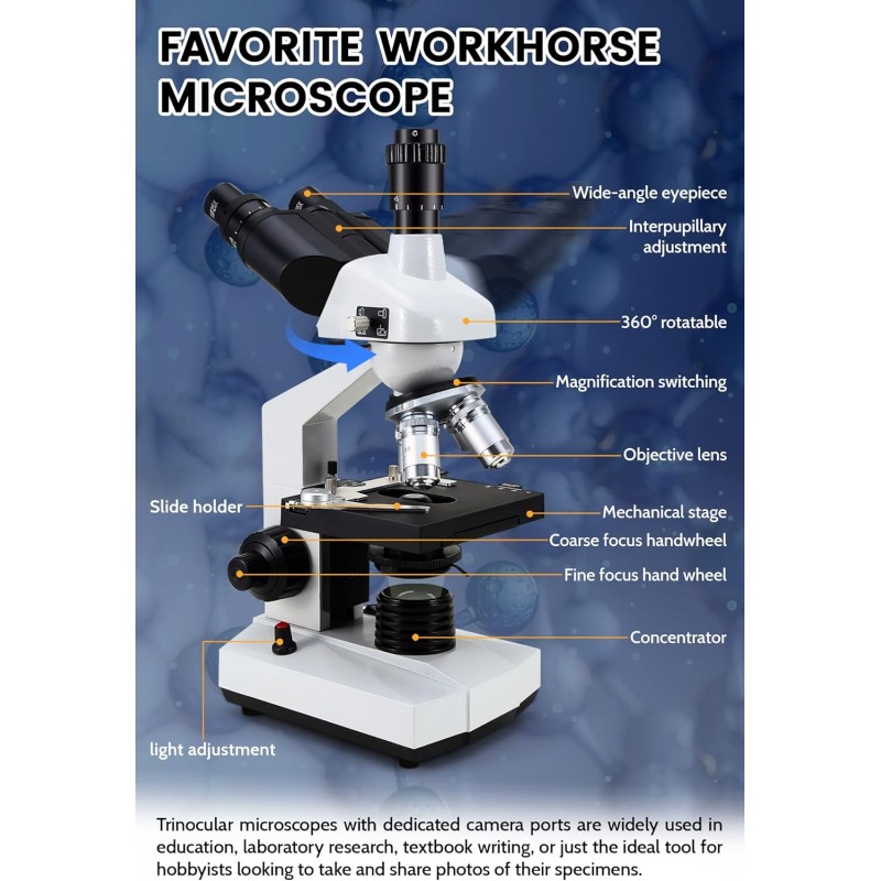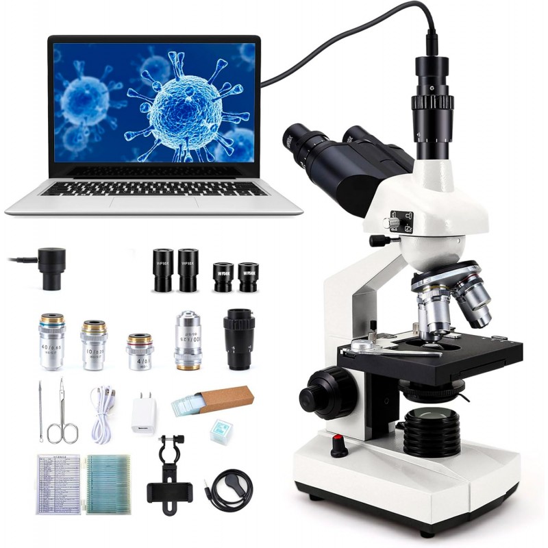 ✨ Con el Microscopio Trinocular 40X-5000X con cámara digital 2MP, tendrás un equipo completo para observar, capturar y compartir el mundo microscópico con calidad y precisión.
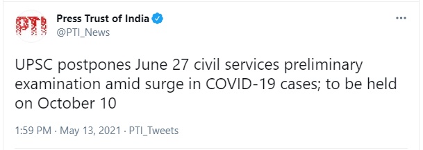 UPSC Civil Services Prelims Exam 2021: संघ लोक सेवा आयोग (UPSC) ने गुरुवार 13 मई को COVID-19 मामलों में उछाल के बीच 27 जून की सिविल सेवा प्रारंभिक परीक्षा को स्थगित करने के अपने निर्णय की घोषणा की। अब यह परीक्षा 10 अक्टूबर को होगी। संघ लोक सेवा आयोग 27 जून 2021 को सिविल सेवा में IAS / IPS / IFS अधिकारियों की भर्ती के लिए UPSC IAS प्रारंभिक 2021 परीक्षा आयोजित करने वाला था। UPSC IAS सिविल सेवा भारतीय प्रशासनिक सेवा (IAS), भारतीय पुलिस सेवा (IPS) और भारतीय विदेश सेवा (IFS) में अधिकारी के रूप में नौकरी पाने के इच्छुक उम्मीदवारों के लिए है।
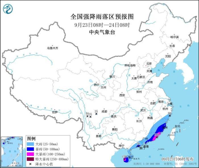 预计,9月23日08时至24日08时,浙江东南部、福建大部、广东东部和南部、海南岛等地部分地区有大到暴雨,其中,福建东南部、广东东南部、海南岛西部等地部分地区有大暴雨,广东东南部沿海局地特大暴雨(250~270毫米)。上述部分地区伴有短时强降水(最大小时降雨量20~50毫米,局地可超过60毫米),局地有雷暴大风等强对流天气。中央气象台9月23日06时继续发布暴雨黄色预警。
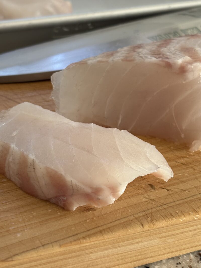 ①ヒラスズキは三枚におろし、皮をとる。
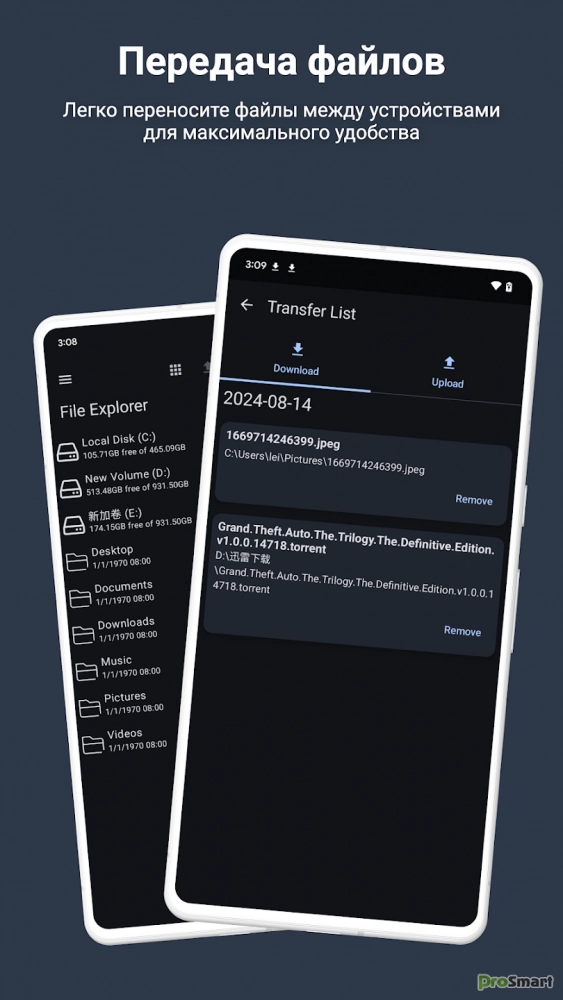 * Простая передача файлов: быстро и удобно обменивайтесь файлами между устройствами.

________________________________________

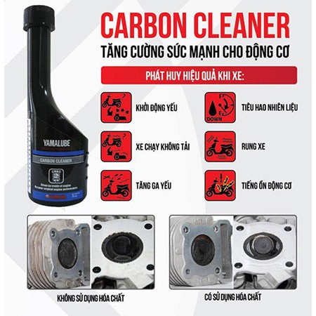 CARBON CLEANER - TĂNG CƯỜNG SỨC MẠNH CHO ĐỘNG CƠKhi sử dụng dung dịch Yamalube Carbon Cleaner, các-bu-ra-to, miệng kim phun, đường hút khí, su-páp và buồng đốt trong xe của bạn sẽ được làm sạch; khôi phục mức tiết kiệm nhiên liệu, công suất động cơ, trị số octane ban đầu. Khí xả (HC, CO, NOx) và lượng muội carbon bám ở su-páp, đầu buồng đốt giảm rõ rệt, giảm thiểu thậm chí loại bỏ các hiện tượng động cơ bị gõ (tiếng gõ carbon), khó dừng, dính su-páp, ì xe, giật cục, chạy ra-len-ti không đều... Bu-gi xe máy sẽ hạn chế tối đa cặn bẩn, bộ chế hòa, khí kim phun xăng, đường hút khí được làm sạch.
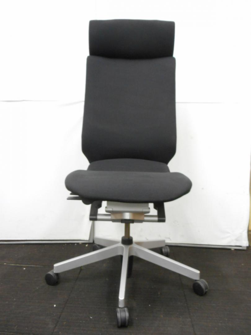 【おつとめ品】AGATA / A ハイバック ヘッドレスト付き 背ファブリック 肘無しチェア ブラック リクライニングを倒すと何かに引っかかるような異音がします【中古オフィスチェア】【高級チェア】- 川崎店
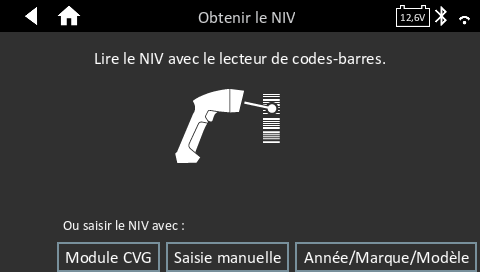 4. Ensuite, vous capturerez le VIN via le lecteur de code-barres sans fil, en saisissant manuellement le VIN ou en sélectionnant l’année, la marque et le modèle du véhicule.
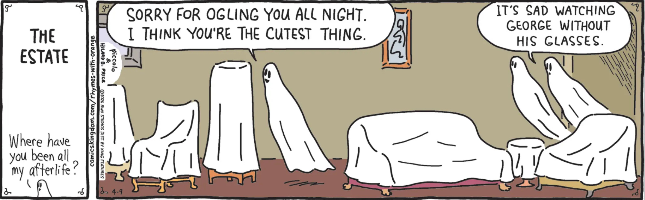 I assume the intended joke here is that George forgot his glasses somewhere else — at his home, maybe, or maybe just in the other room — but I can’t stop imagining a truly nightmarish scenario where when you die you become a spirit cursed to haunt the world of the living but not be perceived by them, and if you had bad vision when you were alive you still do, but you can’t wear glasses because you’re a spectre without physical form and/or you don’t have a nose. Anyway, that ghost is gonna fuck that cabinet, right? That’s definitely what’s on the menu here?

________________________________________

**Task statement**
Copy word for word the lines above, starting at the line containing "4. Ensuite, vous" and ending at the line containing "I assume the", inclusive, with no pictures.

**Completed exercise**
 4. Ensuite, vous capturerez le VIN via le lecteur de code-barres sans fil, en saisissant manuellement le VIN ou en sélectionnant l’année, la marque et le modèle du véhicule.
 I assume the intended joke here is that George forgot his glasses somewhere else — at his home, maybe, or maybe just in the other room — but I can’t stop imagining a truly nightmarish scenario where when you die you become a spirit cursed to haunt the world of the living but not be perceived by them, and if you had bad vision when you were alive you still do, but you can’t wear glasses because you’re a spectre without physical form and/or you don’t have a nose. Anyway, that ghost is gonna fuck that cabinet, right? That’s definitely what’s on the menu here?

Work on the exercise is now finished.